Try it ::
Please retype the entries exactly as they stand, leaving out any pictures.

(Source records)
= = = = = = =
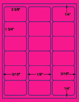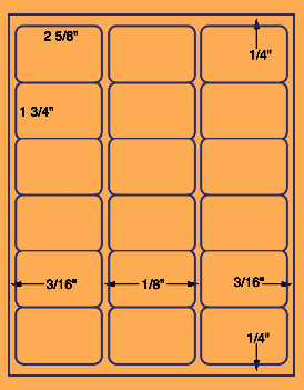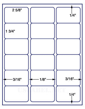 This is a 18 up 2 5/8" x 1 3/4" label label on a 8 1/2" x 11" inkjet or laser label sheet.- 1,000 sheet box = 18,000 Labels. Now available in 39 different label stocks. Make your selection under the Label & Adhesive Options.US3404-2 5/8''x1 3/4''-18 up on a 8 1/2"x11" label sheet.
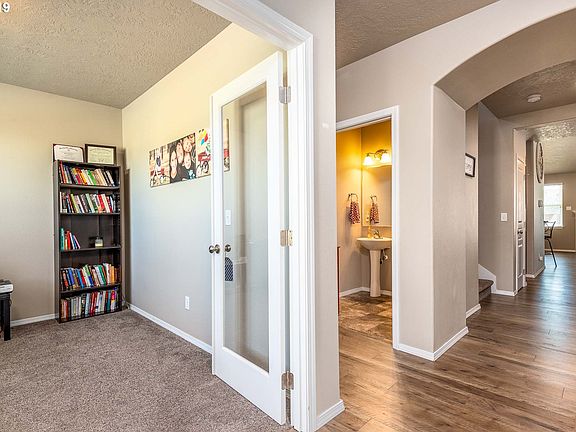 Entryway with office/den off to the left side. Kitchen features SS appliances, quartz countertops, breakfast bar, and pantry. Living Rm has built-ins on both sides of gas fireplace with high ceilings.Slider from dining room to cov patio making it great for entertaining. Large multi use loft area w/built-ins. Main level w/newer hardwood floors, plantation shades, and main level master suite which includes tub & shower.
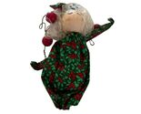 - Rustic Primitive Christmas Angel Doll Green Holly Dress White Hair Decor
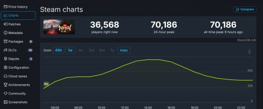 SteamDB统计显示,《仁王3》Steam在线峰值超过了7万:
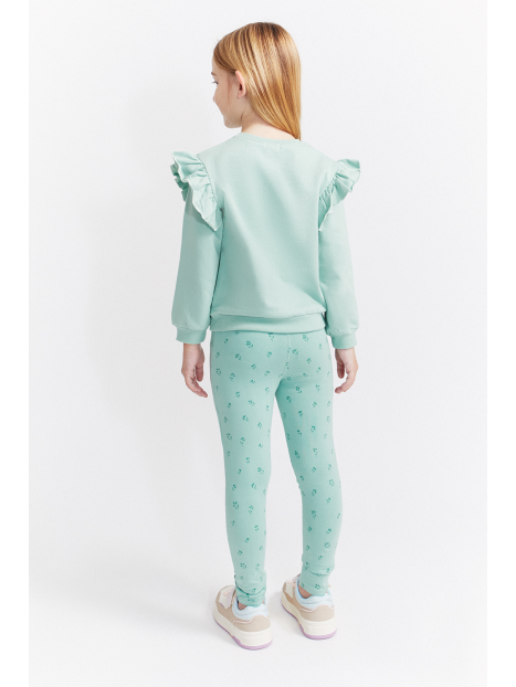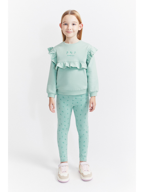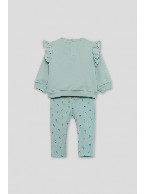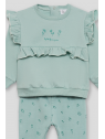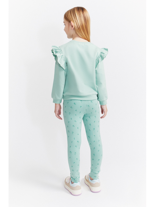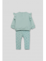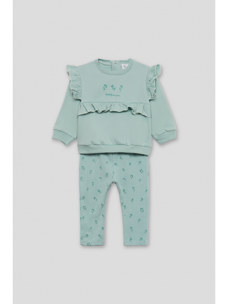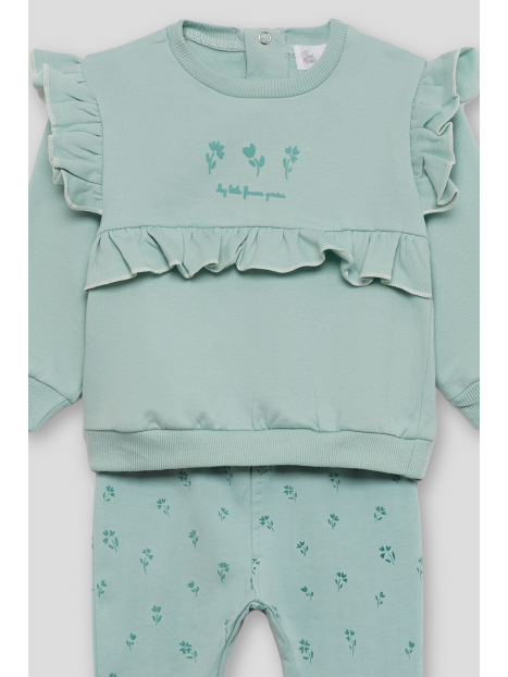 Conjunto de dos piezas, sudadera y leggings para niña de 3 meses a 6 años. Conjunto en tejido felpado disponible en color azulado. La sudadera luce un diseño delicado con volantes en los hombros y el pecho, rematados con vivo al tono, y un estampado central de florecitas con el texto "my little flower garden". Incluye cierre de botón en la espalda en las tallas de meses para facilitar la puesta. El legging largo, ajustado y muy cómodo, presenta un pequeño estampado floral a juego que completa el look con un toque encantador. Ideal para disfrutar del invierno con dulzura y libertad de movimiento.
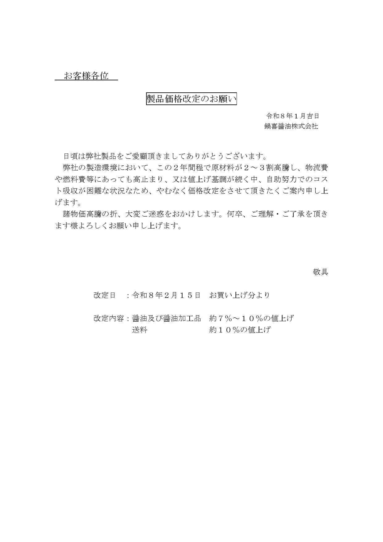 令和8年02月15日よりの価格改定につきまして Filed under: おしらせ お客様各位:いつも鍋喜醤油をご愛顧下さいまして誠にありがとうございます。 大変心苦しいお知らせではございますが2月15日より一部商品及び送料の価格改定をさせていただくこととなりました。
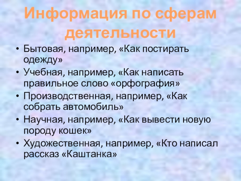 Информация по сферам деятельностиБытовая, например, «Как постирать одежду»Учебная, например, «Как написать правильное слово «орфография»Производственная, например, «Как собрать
= = = = = = =
Answer to the exercise ::
 This is a 18 up 2 5/8" x 1 3/4" label label on a 8 1/2" x 11" inkjet or laser label sheet.- 1,000 sheet box = 18,000 Labels. Now available in 39 different label stocks. Make your selection under the Label & Adhesive Options.US3404-2 5/8''x1 3/4''-18 up on a 8 1/2"x11" label sheet.
 Entryway with office/den off to the left side. Kitchen features SS appliances, quartz countertops, breakfast bar, and pantry. Living Rm has built-ins on both sides of gas fireplace with high ceilings.Slider from dining room to cov patio making it great for entertaining. Large multi use loft area w/built-ins. Main level w/newer hardwood floors, plantation shades, and main level master suite which includes tub & shower.
 - Rustic Primitive Christmas Angel Doll Green Holly Dress White Hair Decor
 SteamDB统计显示,《仁王3》Steam在线峰值超过了7万:
 Conjunto de dos piezas, sudadera y leggings para niña de 3 meses a 6 años. Conjunto en tejido felpado disponible en color azulado. La sudadera luce un diseño delicado con volantes en los hombros y el pecho, rematados con vivo al tono, y un estampado central de florecitas con el texto "my little flower garden". Incluye cierre de botón en la espalda en las tallas de meses para facilitar la puesta. El legging largo, ajustado y muy cómodo, presenta un pequeño estampado floral a juego que completa el look con un toque encantador. Ideal para disfrutar del invierno con dulzura y libertad de movimiento.
 令和8年02月15日よりの価格改定につきまして Filed under: おしらせ お客様各位:いつも鍋喜醤油をご愛顧下さいまして誠にありがとうございます。 大変心苦しいお知らせではございますが2月15日より一部商品及び送料の価格改定をさせていただくこととなりました。
 Информация по сферам деятельностиБытовая, например, «Как постирать одежду»Учебная, например, «Как написать правильное слово «орфография»Производственная, например, «Как собрать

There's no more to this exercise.